Raise Visibility of tcp_receive_buffer_size parameter
On ICARUS, we have been experiencing many instances of "stalled flows", where the TCPSocketTransfer receiver does not receive any data for 10 seconds and gives up on the transfer.
We have determined that a possible culprit is the system-managed receiver buffer size, instead of using predetermined receive buffer sizes. (The default value for the tcp_receive_buffer_size parameter is 0, which enables system management.)There are a few actions we can take to help resolve/prevent this issue in the future:
- Include a reference to the configuration parameter/current value in the timeout message (on or near TCPSocket_transfer.cc:437)
- Change the default value to a reasonable default (32/64KB instead of 0)

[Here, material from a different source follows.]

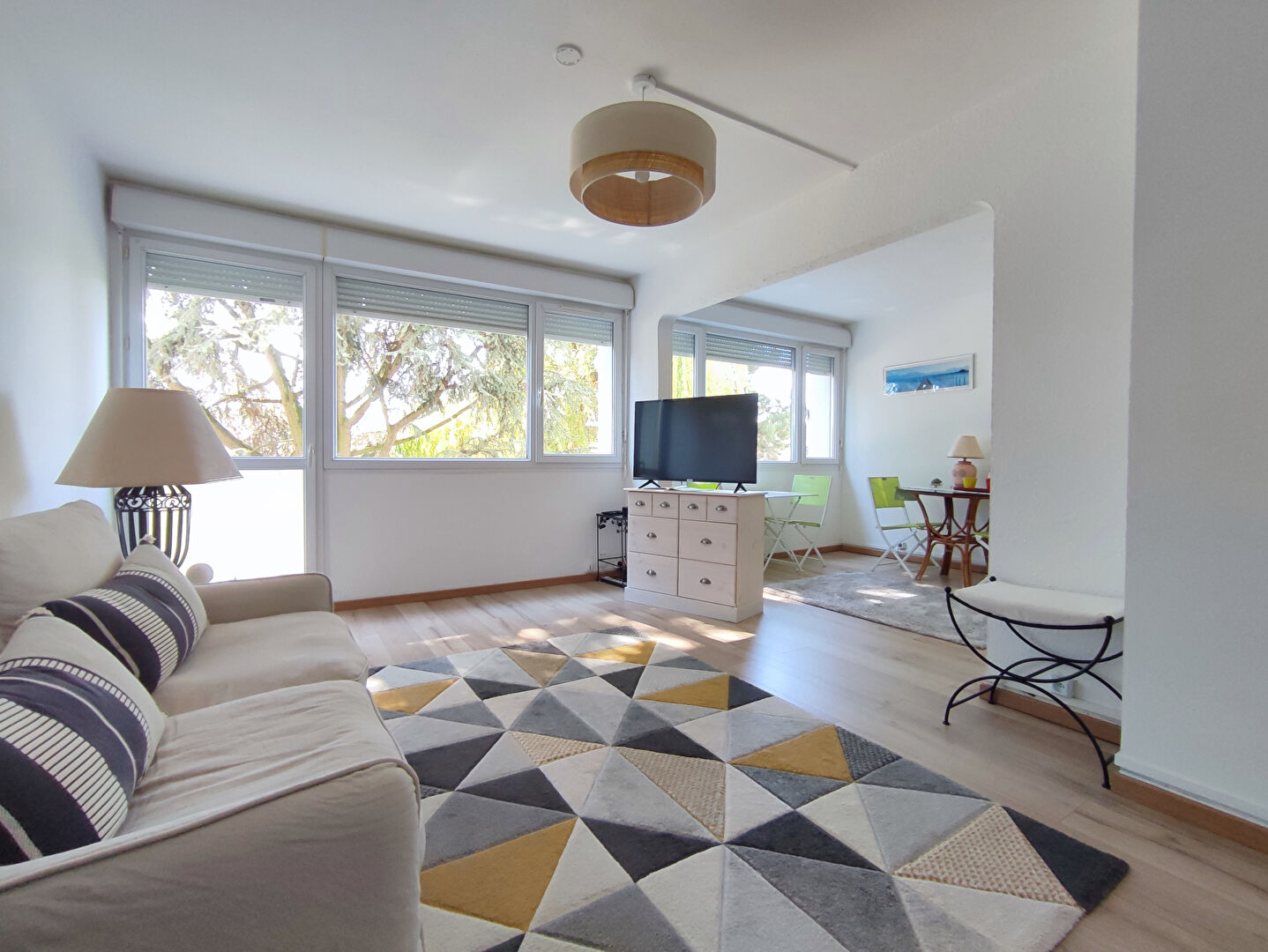 Belle pièce de vie lumineuse de 43m² donnant sur une jolie terrasse bien exposée.

- Add a feature to DAQInterface to book-keep the receive buffer size as it should be able to determine how many flows to/from what nodes are being requested
#1 Updated by Eric Flumerfelt about 1 month ago
I'll also note here that tcp_receive_buffer_size can be specified at the daq.<APP> level, and DataReceiverManager will pass it to all configured transfer plugins, in the same manner as the unified host_map and max_fragment_size_words. DataSenderManager does the same with the tcp_send_buffer_size (plus the host_map and max_fragment_size_words).